**Assignment**
Using only the entries below, output the lines starting at the one containing "- [放出開始](Emit Start)の値を" and ending at the one containing "Mərkəzi Gömrük Hospitalının", exactly and inclusive of both, omitting the pictures.

**The data**
######

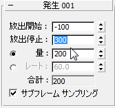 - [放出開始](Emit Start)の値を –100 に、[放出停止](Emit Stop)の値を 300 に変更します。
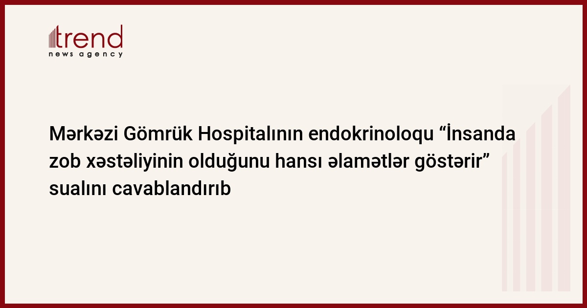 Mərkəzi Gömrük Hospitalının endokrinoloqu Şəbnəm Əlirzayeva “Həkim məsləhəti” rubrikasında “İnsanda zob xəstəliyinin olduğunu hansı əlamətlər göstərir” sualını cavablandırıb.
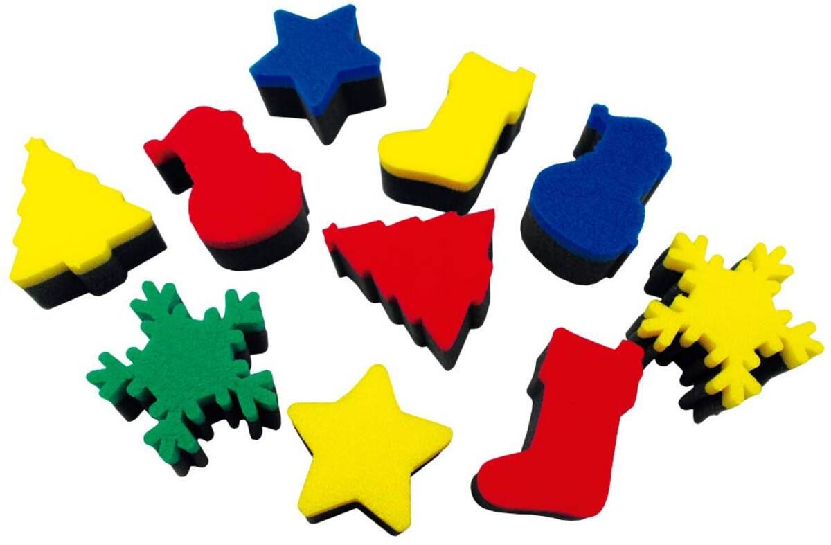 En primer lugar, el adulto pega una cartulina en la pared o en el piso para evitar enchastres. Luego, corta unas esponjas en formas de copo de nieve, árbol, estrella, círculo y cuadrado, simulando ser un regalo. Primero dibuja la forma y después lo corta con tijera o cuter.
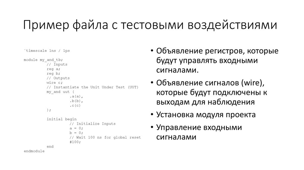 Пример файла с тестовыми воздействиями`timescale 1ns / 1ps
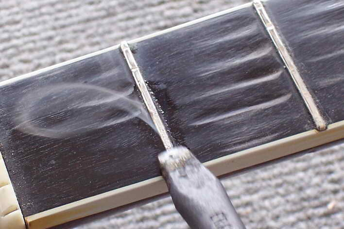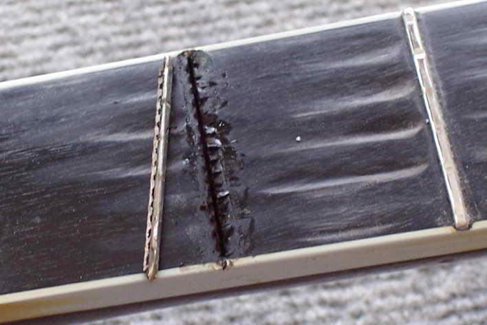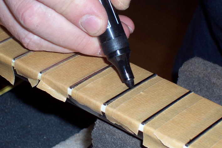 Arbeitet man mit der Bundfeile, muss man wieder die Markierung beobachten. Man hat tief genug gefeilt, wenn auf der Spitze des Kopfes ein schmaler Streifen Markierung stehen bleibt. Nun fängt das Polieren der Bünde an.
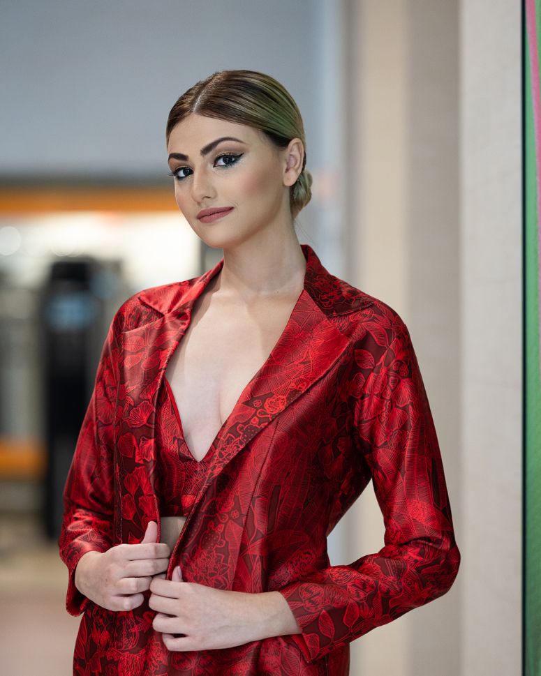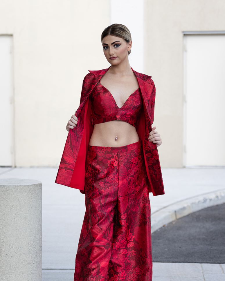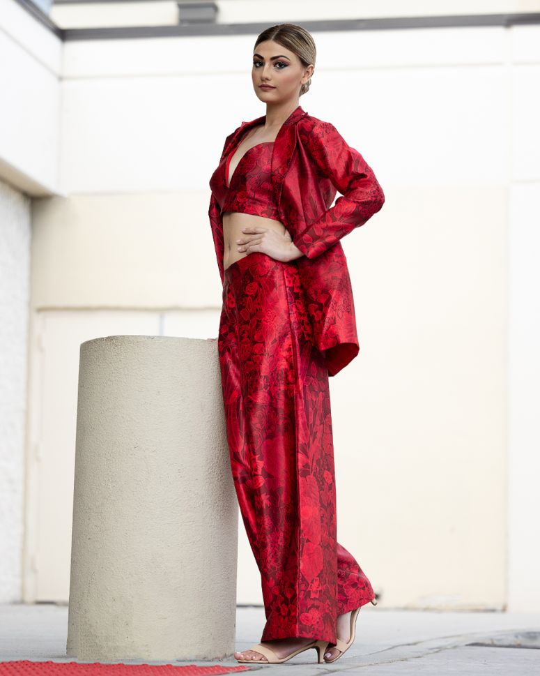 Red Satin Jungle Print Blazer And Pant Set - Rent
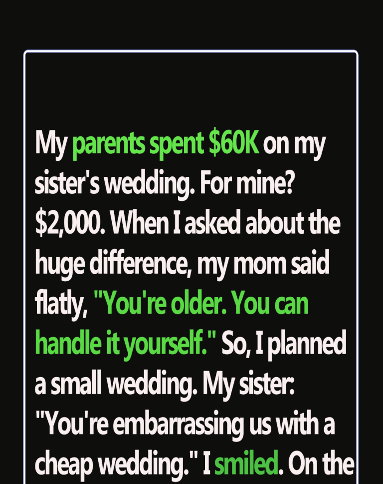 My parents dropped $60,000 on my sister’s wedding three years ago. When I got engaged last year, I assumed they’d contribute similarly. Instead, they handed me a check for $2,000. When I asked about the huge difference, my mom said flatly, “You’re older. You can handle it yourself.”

######

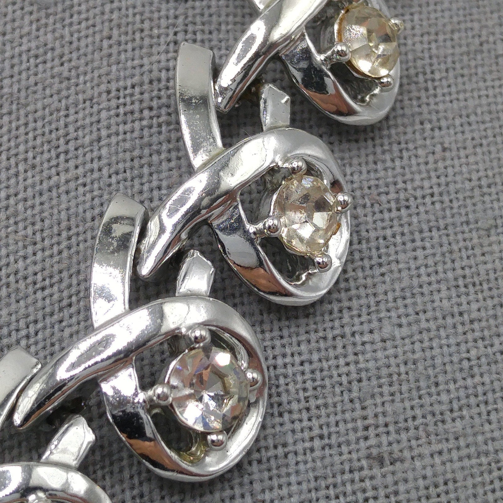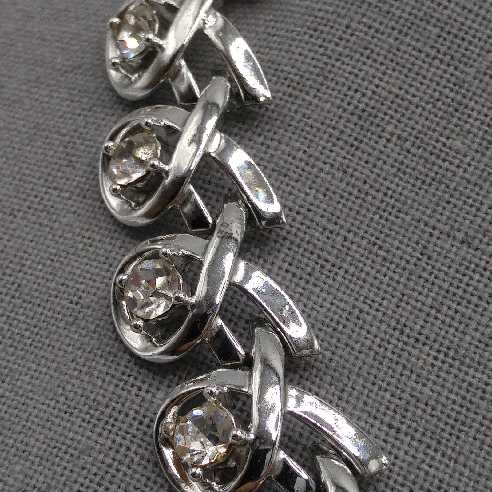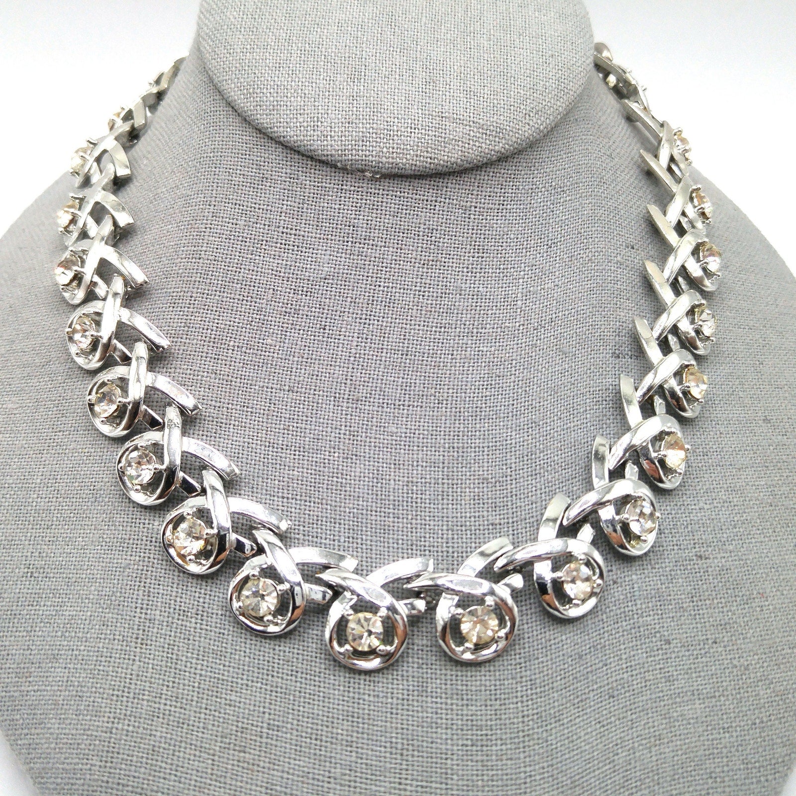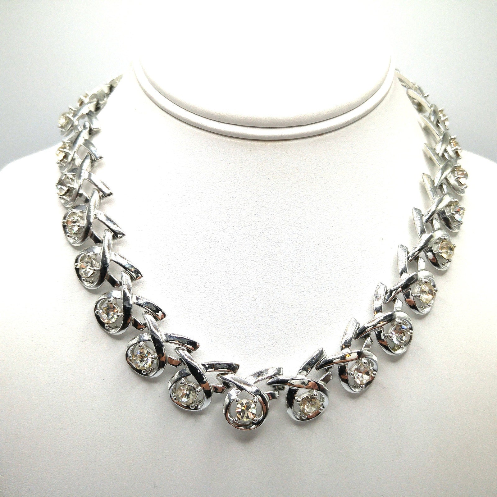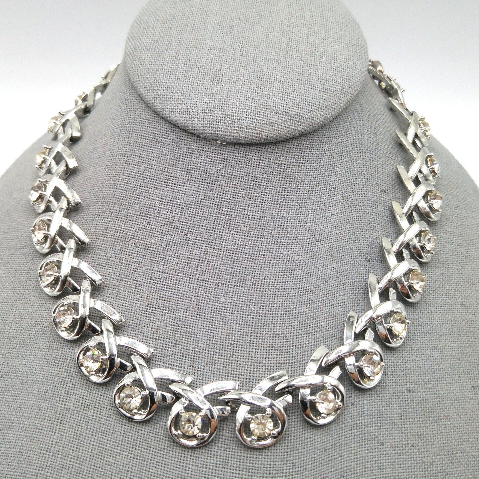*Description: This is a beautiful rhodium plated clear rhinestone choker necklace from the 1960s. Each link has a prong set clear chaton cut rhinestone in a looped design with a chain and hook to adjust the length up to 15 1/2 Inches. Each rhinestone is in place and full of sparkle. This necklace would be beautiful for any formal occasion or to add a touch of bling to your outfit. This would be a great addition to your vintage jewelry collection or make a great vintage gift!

######

**Your response**
 - [放出開始](Emit Start)の値を –100 に、[放出停止](Emit Stop)の値を 300 に変更します。
 Mərkəzi Gömrük Hospitalının endokrinoloqu Şəbnəm Əlirzayeva “Həkim məsləhəti” rubrikasında “İnsanda zob xəstəliyinin olduğunu hansı əlamətlər göstərir” sualını cavablandırıb.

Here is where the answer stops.